ASSIGNED TASK:
Exactly as written, transcribe the data from its opening line through the line containing "Fabric in a". Leave every picture out.

WORKING DATA:
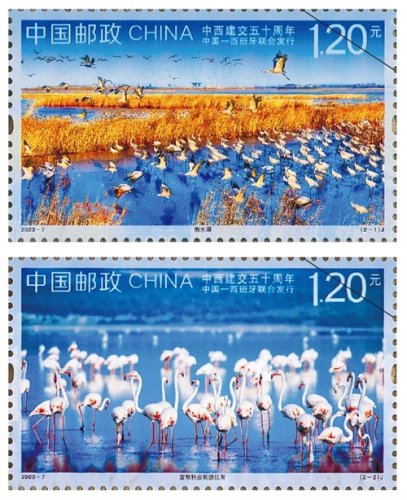 《中西建交五十周年》紀念郵票一套兩枚。郵票畫面以攝影作品為基礎,表現(xiàn)了中國的衡水湖與西班牙的富恩特皮埃德拉湖,展現(xiàn)出兩國湖泊的旖旎風光和自然生態(tài)特征,畫面構圖簡約明快、表現(xiàn)意境清朗優(yōu)美。該套郵票由馬立航設計,北京郵票廠有限公司采用影寫版工藝印制。西班牙郵政將使用同樣的設計元素發(fā)行以“中西建交五十周年”為主題的郵票。
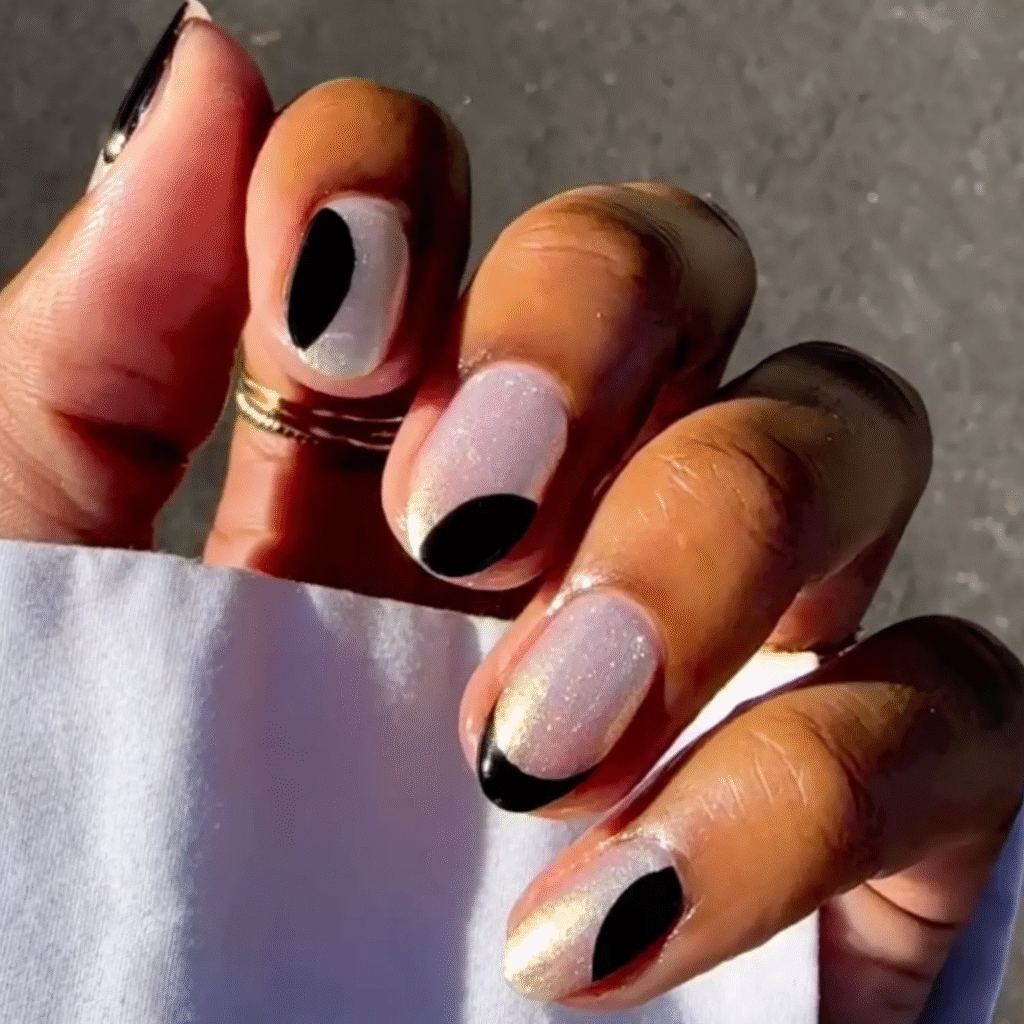 Mix black matte French tips with a touch of gold streaks for a chic, textured look. This style combines different finishes and elements to create a bold yet elegant manicure.
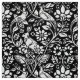 Fabric in a William Morris, Art Nouveau wallpaper design of pheasants and hares set among leaves, vines and flowers - white on a black background
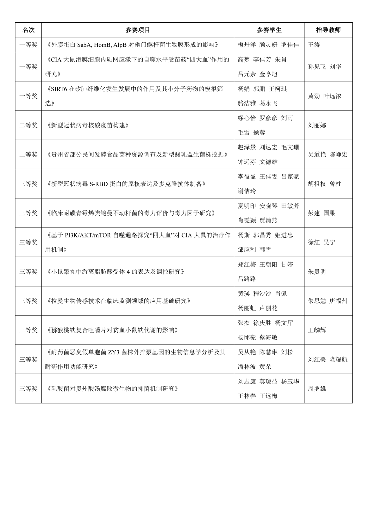 附:第三届贵州省大学生生命科学竞赛暨第五届全国大学生生命科学竞赛(贵州赛区)决赛我校获奖名单
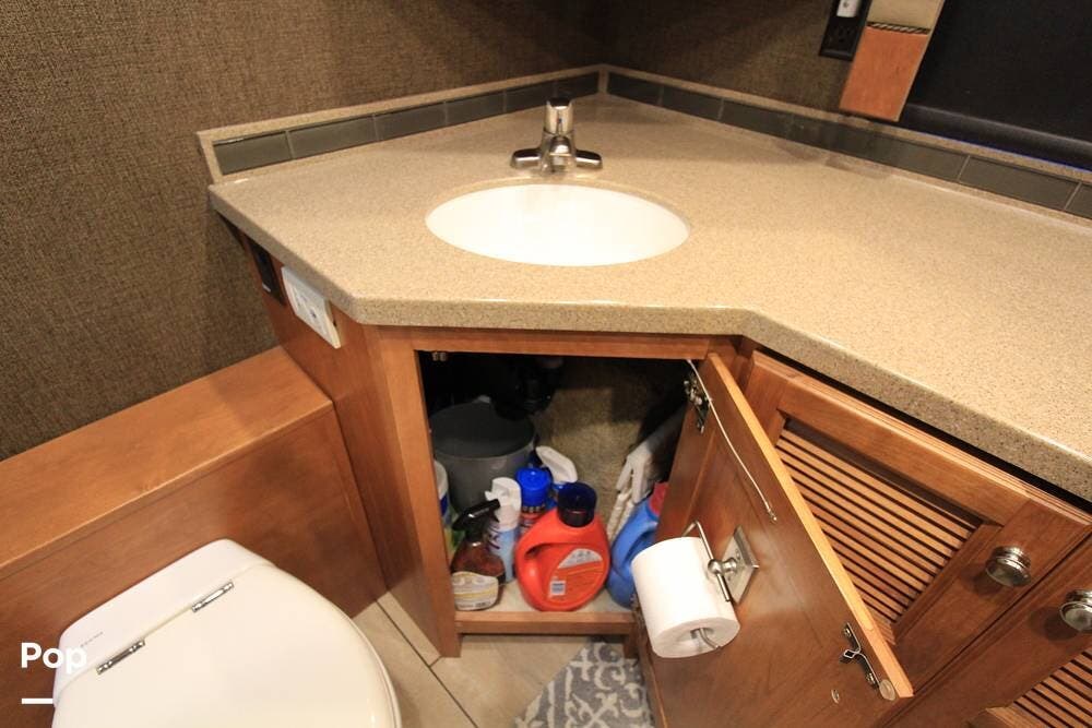 There is a half bath before entering the owner's suite, with a full bath at the rear of the coach.
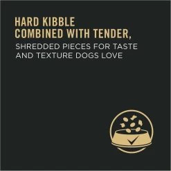 - Hard kibble combined with tender, shredded pieces for taste and texture dogs love
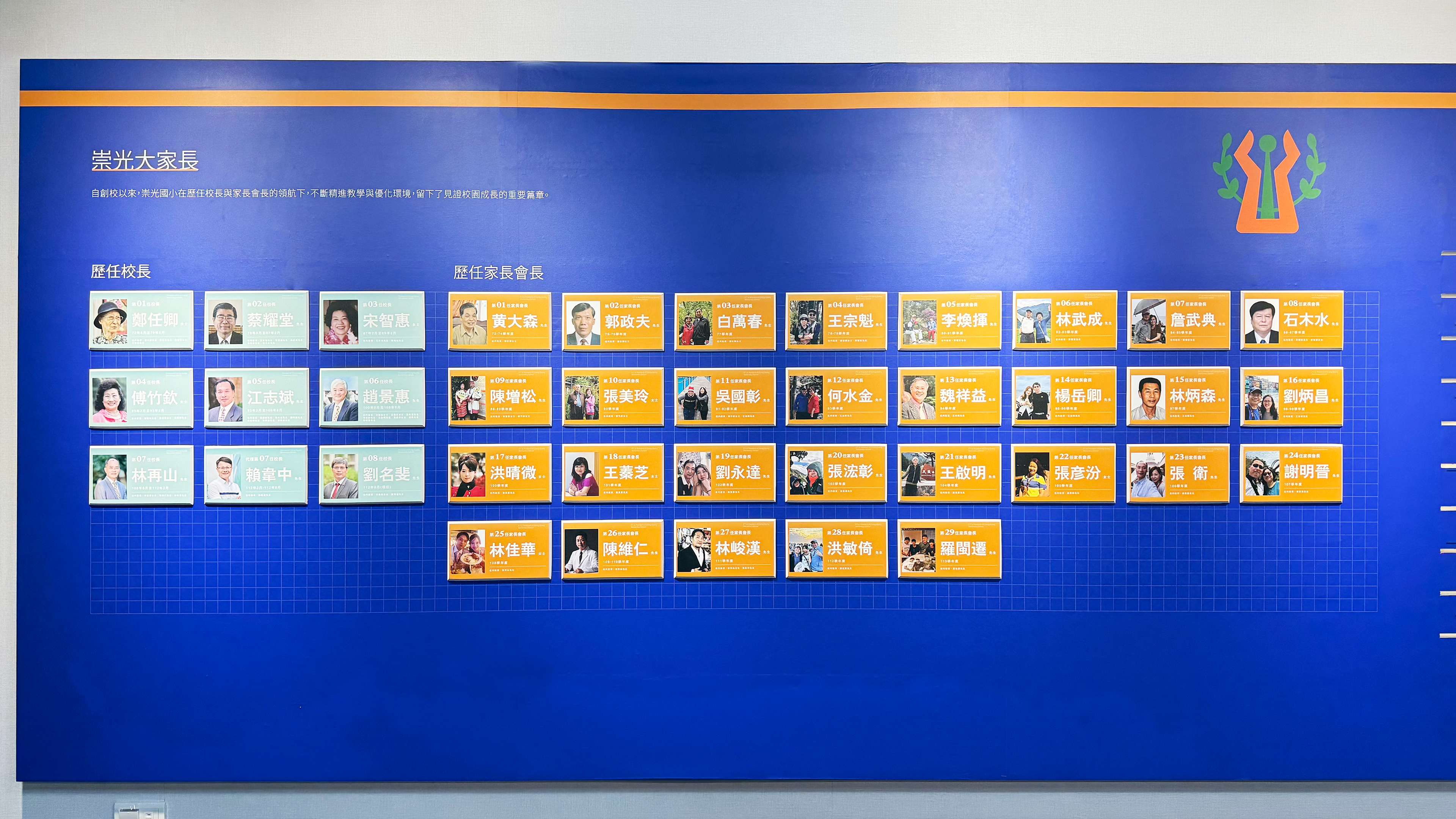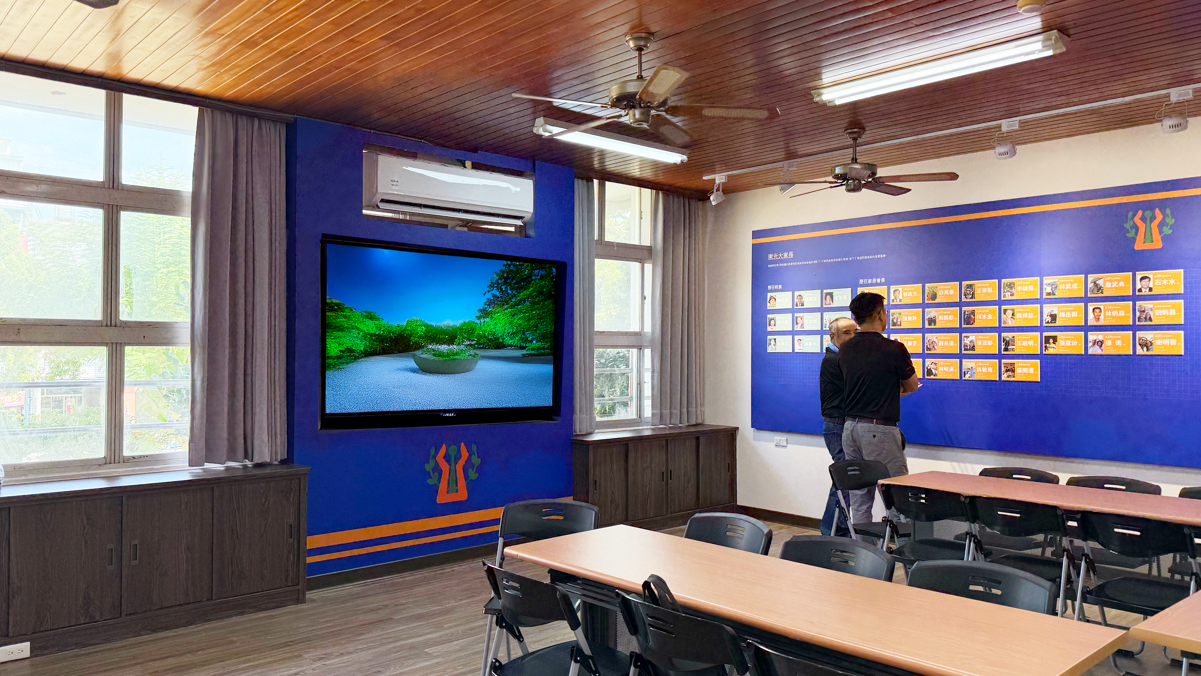 牆面整合媒體展示機能,內嵌 75 吋螢幕,兼顧會議使用與校史影像播放;窗台上方則規劃為開放式展示平台,陳列歷年重要獎盃與榮譽。左右兩側分別設置「崇光大家長」與「我們的卓越傳承」主題區,呈現歷任校長、家長會長與各項獲獎紀錄,並透過具彈性的展示溝槽系統,回應不同展示形式的長期使用需求。
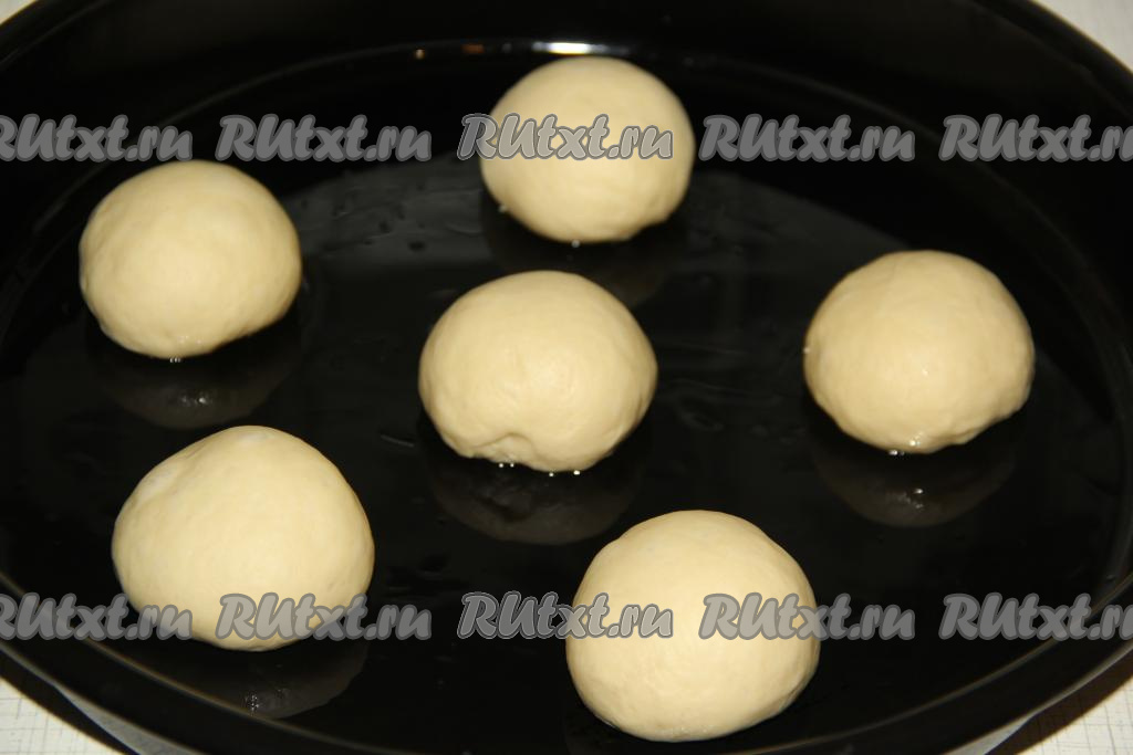Сформировать из теста круглые булочки, выложить их на расстоянии друг от друга на противень, смазанный растительным (или сливочным) маслом, и оставить для расстойки на 30 минут.
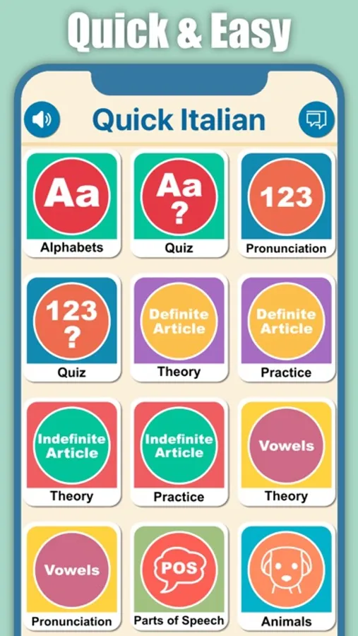 Quick and Easy Italian Lessons are Designed by experts to help travellers, school students and even if you need fast, easy and quick Italian learning guide this app is perfect for you.
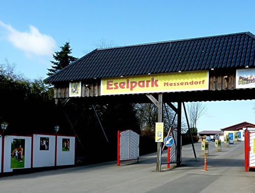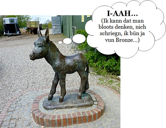 An dat groot Door steiht vun uns en lütt Evenbild, en Bronze-Esel.
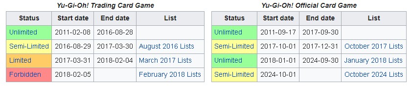 >>550947425>Unlimited>Semi-Limited>Limited>ForbiddenMy hero.
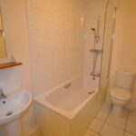 Finished with a three-piece suite comprising a panelled bath with shower over, WC, and hand basin. Includes tiled splashbacks and white tiled flooring.
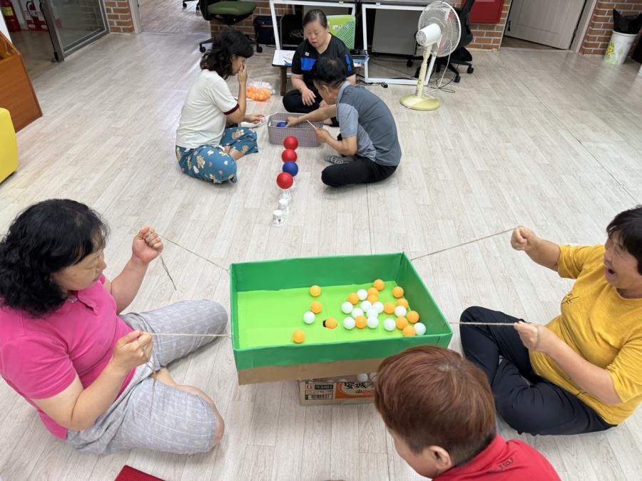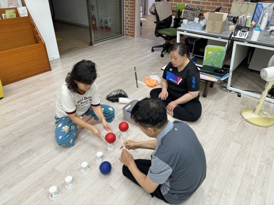 교구를 통해 진행하는 미니게임를 진행하였습니다. 함께 하는 공옮기기, 탁구공 많이 넣기 게임을 진행하였습니다.
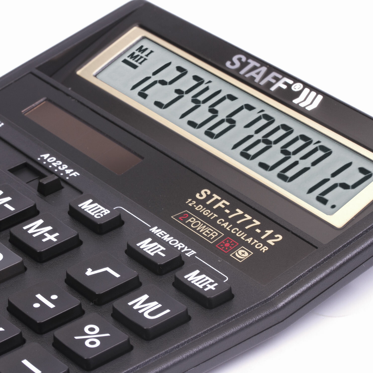 - Калькулятор настольный STAFF STF-777, 12 разрядов, двойное питание, 210x165 мм, ЧЕРНЫЙ, 250458

SOLUTION FOR THIS PROBLEM:
 《中西建交五十周年》紀念郵票一套兩枚。郵票畫面以攝影作品為基礎,表現(xiàn)了中國的衡水湖與西班牙的富恩特皮埃德拉湖,展現(xiàn)出兩國湖泊的旖旎風光和自然生態(tài)特征,畫面構圖簡約明快、表現(xiàn)意境清朗優(yōu)美。該套郵票由馬立航設計,北京郵票廠有限公司采用影寫版工藝印制。西班牙郵政將使用同樣的設計元素發(fā)行以“中西建交五十周年”為主題的郵票。
 Mix black matte French tips with a touch of gold streaks for a chic, textured look. This style combines different finishes and elements to create a bold yet elegant manicure.
 Fabric in a William Morris, Art Nouveau wallpaper design of pheasants and hares set among leaves, vines and flowers - white on a black background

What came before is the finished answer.